Breaking is never easy, but I’m broken today in a way I’d not expected to be. I’ve actually been feeling confident. Imagine. Not so now. My chest aches, my throat keeps constricting, and the tears I’d hoped had dried up for a bit, are back in torrential style. Of course, you’re asking “why?” and I can’t elaborate except to say someone surprised me with information I didn’t expect, and it has rocked me. Of course, with all that’s going on in the world, my angst is small and insignificant, but try to explain that to my mind and body as it struggles to eradicate memories and stem the tide of emotions. No matter what I do, without notice my concentration wanes, my stomach rolls, and I want to vomit. My head aches even when my heart isn’t, and I weep in public despite my best effort not to. I’m a mess. Pure and simple.
So, to that end, I am once again putting out a request to the collective for assistance. There’s been no lack of support for me so far, despite my obvious propensity for slipping into despair, so I know the help is there for the asking. But seriously, how long can I go on like this? I’m helping no one, least of all myself! My writing, my sleep, and my overall health is suffering.
I hear voices shouting, “Get your shit together, woman. Get off this wheel you’re riding!” And I agree. Wholeheartedly. But as much as I want to stop spinning, whatever it is that I’ve set in motion just keeps on keeping on. And, after yesterday, I can only assume I’m way too naïve to interact with people constructively, which hurts awfully and is a big part of the problem. Also, I didn’t see any of this most recent stuff coming my way. Seriously. But it’s here, and it’s rough – really, really rough. So, what’s the solution?
Right now, I’m too vulnerable to discern whether to use a fork or a spoon, so have to sit with what’s going on. My stomach turns just thinking about surrendering, but I have no choice. In the meantime, however, what I have to do is pack up again. I’ll be moving on within a couple of days. Where I’m going is still up in the air. I know where my heart longs to be, and that’s all I know at this point.
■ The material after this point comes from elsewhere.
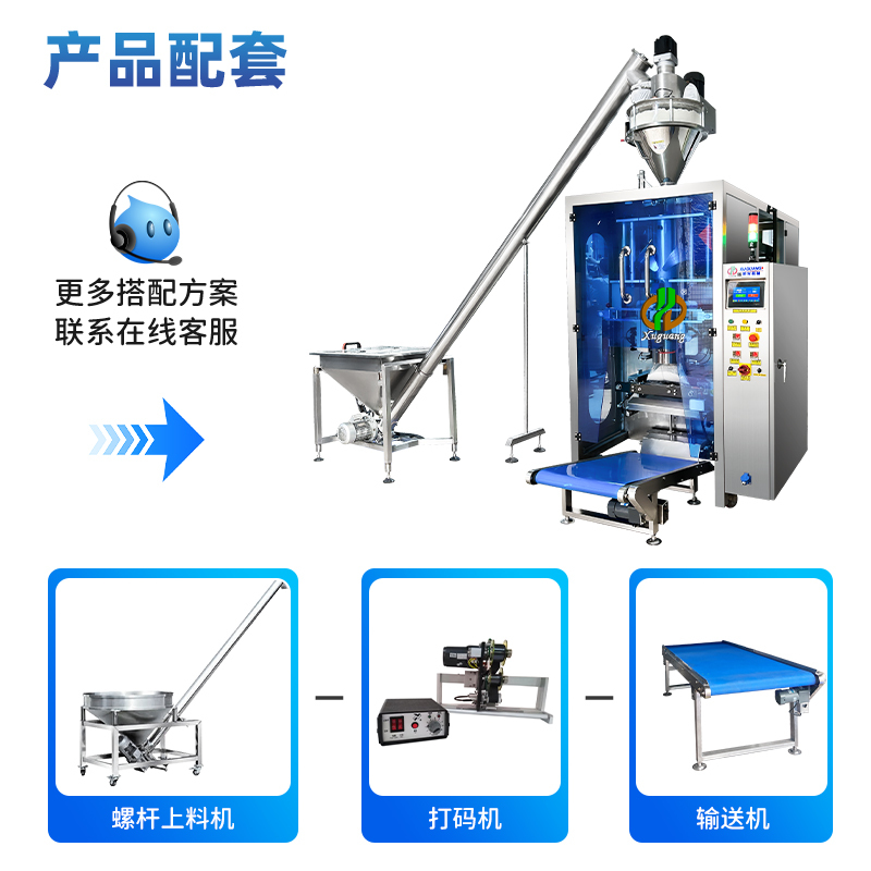 6.720粉末包装机还可无缝配套上料机 + 打码机 + 输送机:上料机实现物料自动上料,替代人工投料,降低劳动强度;打码机可在包装袋上打印生产日期、批号、保质期等信息,满足产品溯源需求;输送机完成成品袋自动输送,衔接后续装箱、码垛工序,真正实现从物料上料到成品出库的全流程自动化,大幅提升生产效率,降低人工成本。

So, here’s my wish. I wish for my faith in LOA to bear fruit now. It is time for me to be fully present and in service. I require constancy, stability, and support to do so. Period. I also deserve it. We all do. Furthermore “I know I won’t fail because I am fighting for my dreams. I know what I want from life. And, I believe my dreams are possible, I have no fear.” (Reworked quote from Paulo Coelho.)